> **Raw data**
[Start of Attachment]

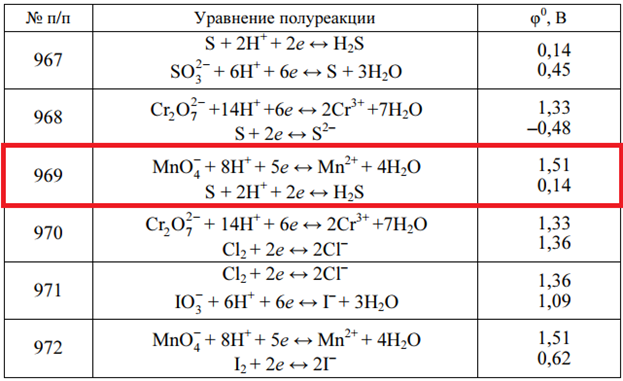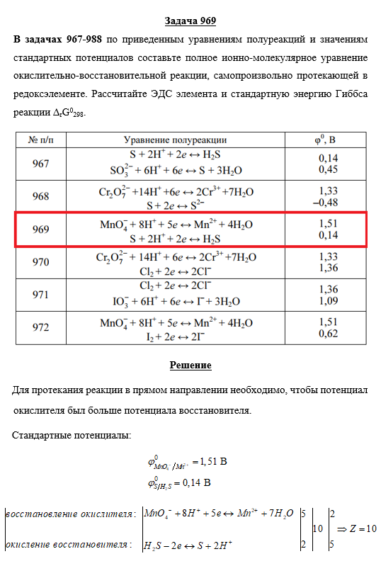 Задача 969 - по приведенным уравнениям полуреакций и значениям стандартных потенциалов составьте полное ионно-молекулярное уравнение окислительно-восстановительной реакции, самопроизвольно протекающей в редоксэлементе. Рассчитайте ЭДС элемента и стан
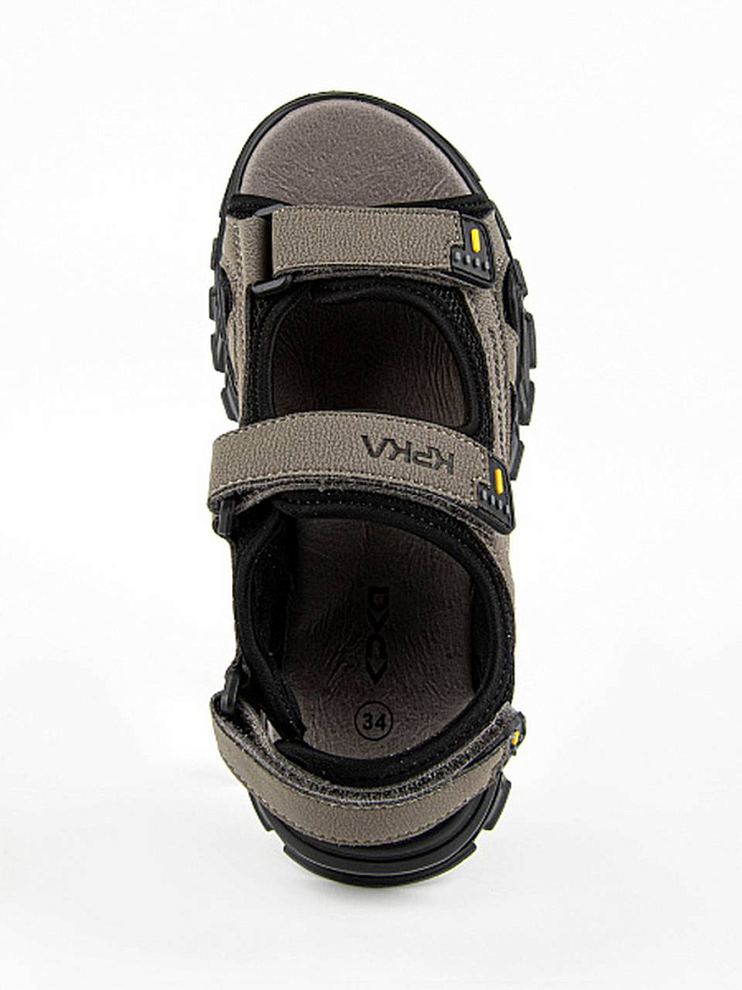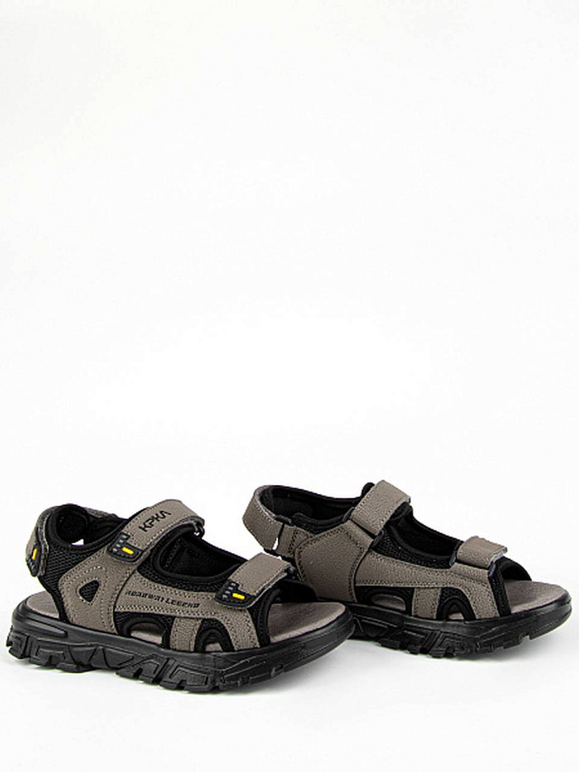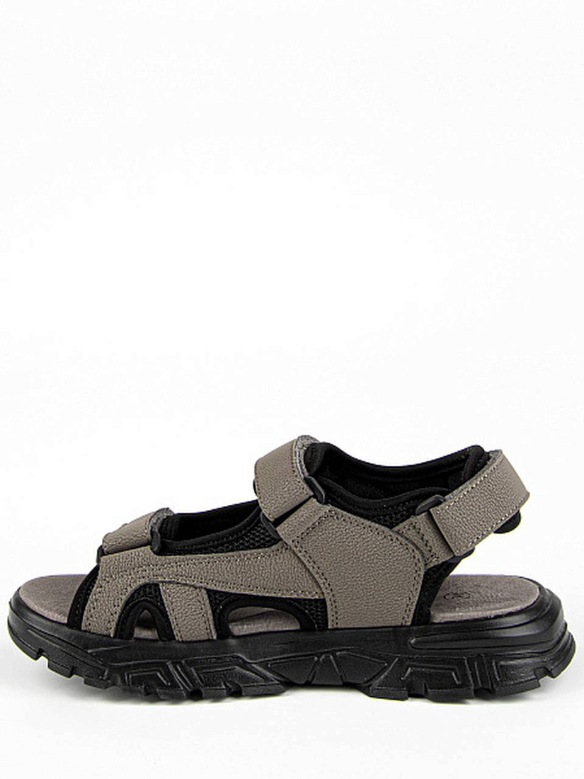 Удобные сандалии серо-черного цвета в спортивном стиле. Верх выполнен из комбинации прочного текстиля и экокожи. Подкладка текстильная с добавлением хлопка. Стелька выполнена из натуральной кожи. Легкая амортизирующая подошва из ЭВА придаст легкости при ходьбе.
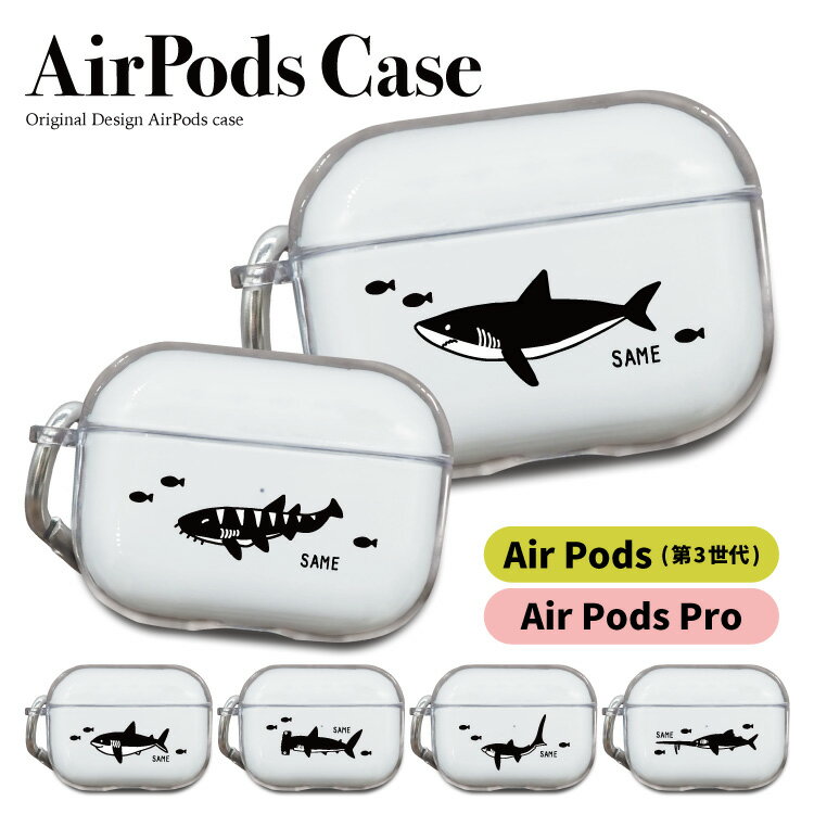 AirPodsProカバー AirPodsカバー エアーポッズプロ エアーポッズ ケース AirPodsProケース エアポッズプロ かわいい 透明 クリア 第3世代 保護ケース 透明ケース カラビナ クリアケース サメ ジンベイザメ ホオジロザメ 海 夏 かわいい

[End of Attachment]

> **Task item**
Output the line containing "Удобные сандалии серо-черного" and each line after it, through the end of the material, exactly as given. No pictures belong in the output.

> **Answer section**
 Удобные сандалии серо-черного цвета в спортивном стиле. Верх выполнен из комбинации прочного текстиля и экокожи. Подкладка текстильная с добавлением хлопка. Стелька выполнена из натуральной кожи. Легкая амортизирующая подошва из ЭВА придаст легкости при ходьбе.
 AirPodsProカバー AirPodsカバー エアーポッズプロ エアーポッズ ケース AirPodsProケース エアポッズプロ かわいい 透明 クリア 第3世代 保護ケース 透明ケース カラビナ クリアケース サメ ジンベイザメ ホオジロザメ 海 夏 かわいい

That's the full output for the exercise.